## [Work request]
Exact transcription begins at the first line of the material below and ends with the line holding "Ceylon - 1941"; pictures are skipped.

## [Extracted entries]
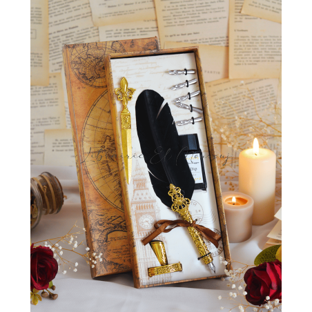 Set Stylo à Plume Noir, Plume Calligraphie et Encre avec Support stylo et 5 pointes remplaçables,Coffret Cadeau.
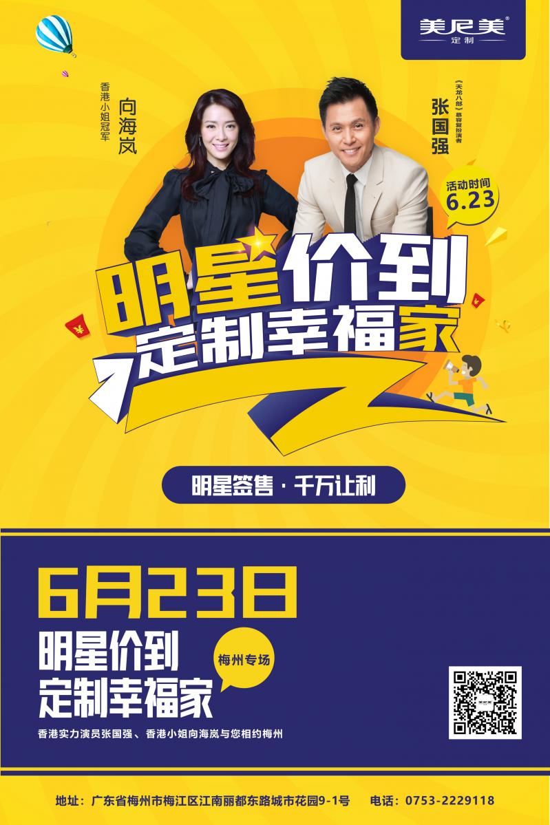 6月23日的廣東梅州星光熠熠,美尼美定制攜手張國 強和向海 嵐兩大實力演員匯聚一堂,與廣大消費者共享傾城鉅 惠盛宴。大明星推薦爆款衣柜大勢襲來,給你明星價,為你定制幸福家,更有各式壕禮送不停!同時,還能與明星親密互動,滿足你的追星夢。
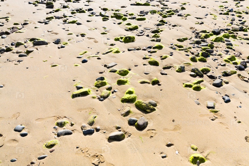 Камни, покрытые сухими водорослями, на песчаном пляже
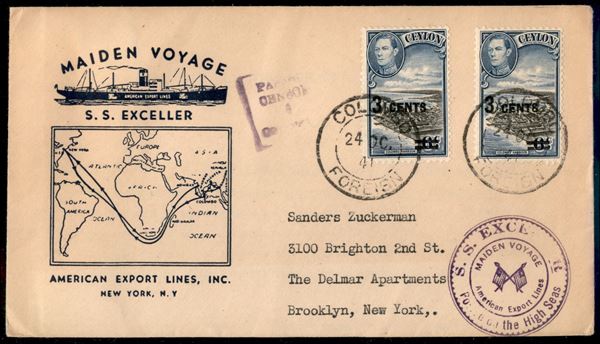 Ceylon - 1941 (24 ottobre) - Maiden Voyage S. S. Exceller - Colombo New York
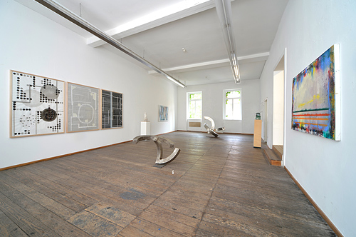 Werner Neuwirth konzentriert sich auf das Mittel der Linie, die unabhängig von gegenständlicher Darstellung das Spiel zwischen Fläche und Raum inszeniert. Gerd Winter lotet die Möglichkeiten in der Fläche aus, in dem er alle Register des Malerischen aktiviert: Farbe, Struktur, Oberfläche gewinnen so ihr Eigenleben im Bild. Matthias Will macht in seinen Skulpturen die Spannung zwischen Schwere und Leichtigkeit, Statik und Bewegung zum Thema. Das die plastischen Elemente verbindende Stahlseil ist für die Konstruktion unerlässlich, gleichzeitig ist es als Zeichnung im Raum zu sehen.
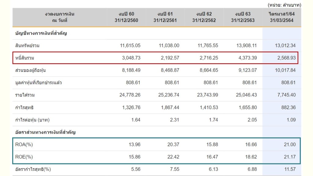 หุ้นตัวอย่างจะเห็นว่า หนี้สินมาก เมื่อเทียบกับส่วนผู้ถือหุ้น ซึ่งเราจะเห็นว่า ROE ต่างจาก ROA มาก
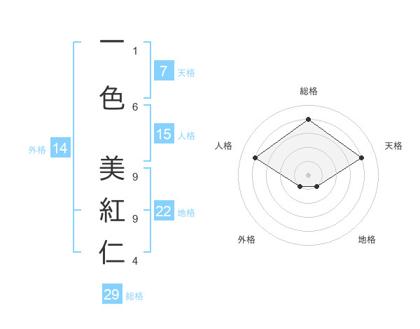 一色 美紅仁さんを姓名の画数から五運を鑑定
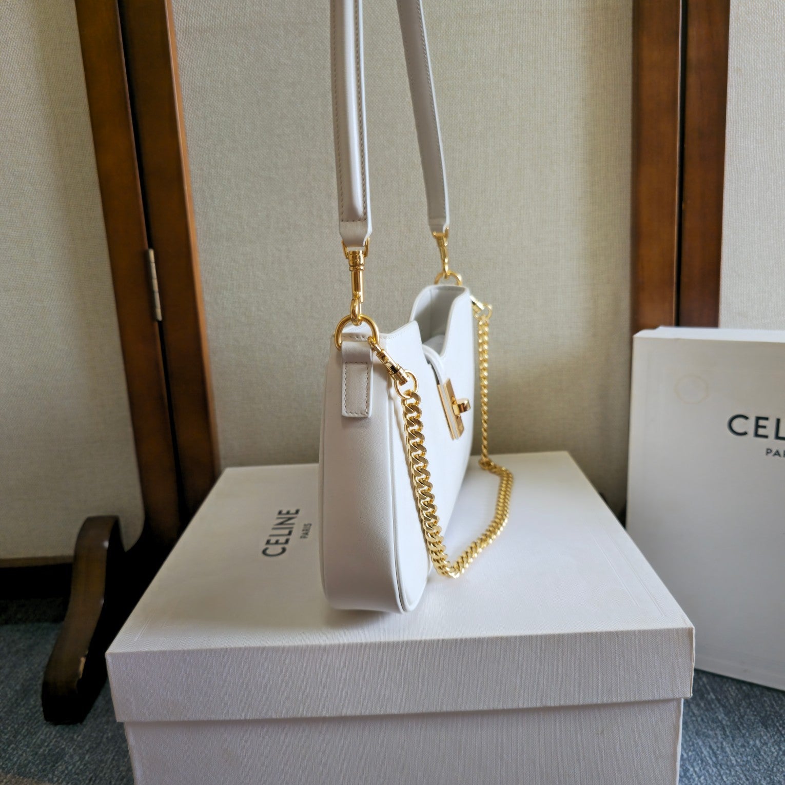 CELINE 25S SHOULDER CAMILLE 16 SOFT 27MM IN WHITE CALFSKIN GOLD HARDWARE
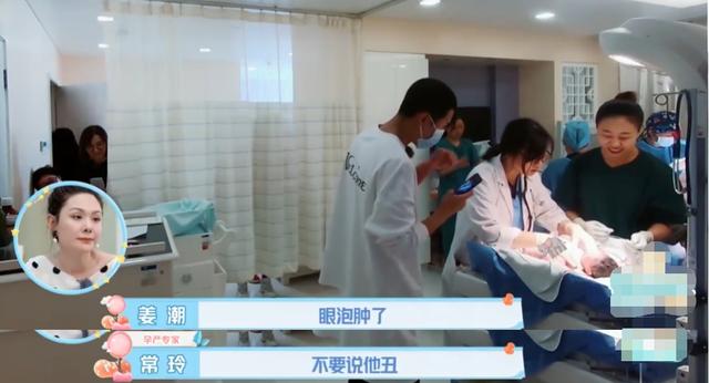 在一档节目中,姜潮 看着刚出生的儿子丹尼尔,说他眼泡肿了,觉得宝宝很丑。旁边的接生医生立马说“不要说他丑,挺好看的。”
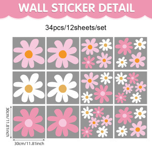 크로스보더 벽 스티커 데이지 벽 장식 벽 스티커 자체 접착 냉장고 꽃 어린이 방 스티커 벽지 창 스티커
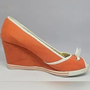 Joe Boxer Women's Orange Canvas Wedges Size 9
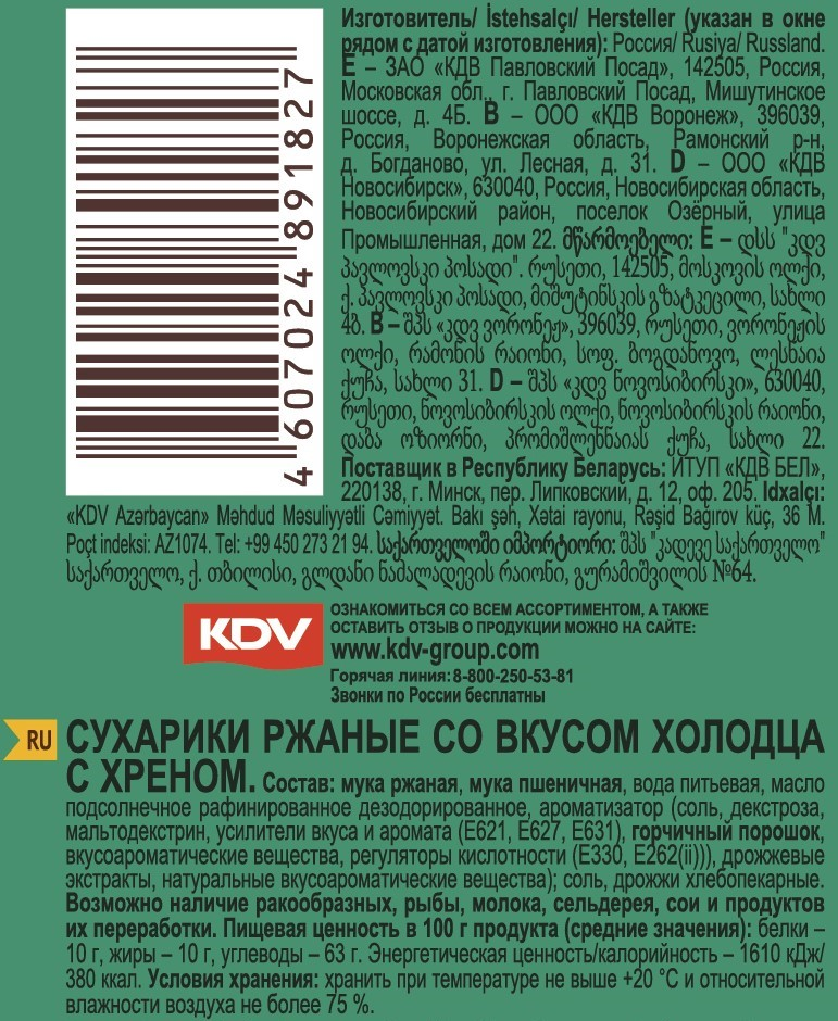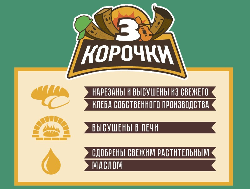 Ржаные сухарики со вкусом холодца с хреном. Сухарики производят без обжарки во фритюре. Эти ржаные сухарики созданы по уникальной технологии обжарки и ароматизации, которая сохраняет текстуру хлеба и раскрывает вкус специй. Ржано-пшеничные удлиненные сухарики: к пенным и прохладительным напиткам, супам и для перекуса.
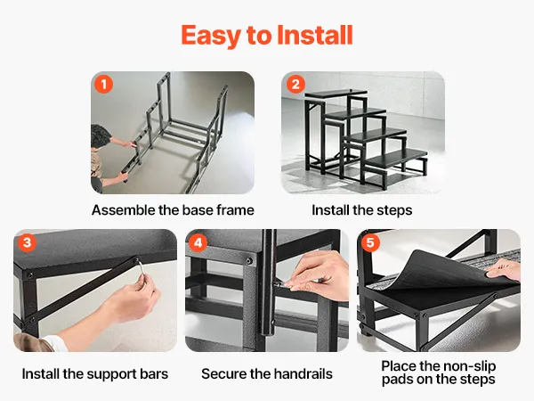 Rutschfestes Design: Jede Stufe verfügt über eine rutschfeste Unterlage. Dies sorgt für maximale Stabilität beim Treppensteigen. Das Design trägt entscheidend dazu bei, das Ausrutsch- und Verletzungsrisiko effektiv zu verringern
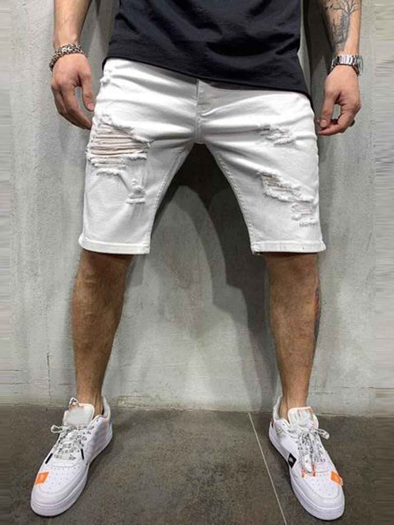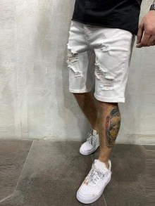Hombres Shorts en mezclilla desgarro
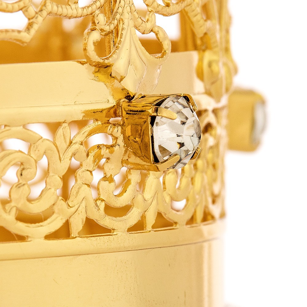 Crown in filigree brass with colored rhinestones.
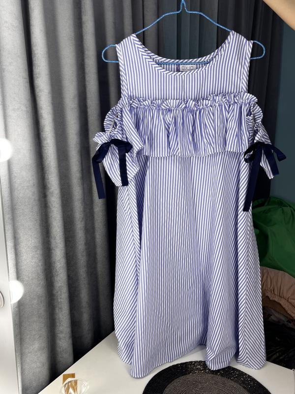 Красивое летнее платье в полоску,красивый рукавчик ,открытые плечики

## [Answer to the exercise]
 Set Stylo à Plume Noir, Plume Calligraphie et Encre avec Support stylo et 5 pointes remplaçables,Coffret Cadeau.
 6月23日的廣東梅州星光熠熠,美尼美定制攜手張國 強和向海 嵐兩大實力演員匯聚一堂,與廣大消費者共享傾城鉅 惠盛宴。大明星推薦爆款衣柜大勢襲來,給你明星價,為你定制幸福家,更有各式壕禮送不停!同時,還能與明星親密互動,滿足你的追星夢。
 Камни, покрытые сухими водорослями, на песчаном пляже
 Ceylon - 1941 (24 ottobre) - Maiden Voyage S. S. Exceller - Colombo New York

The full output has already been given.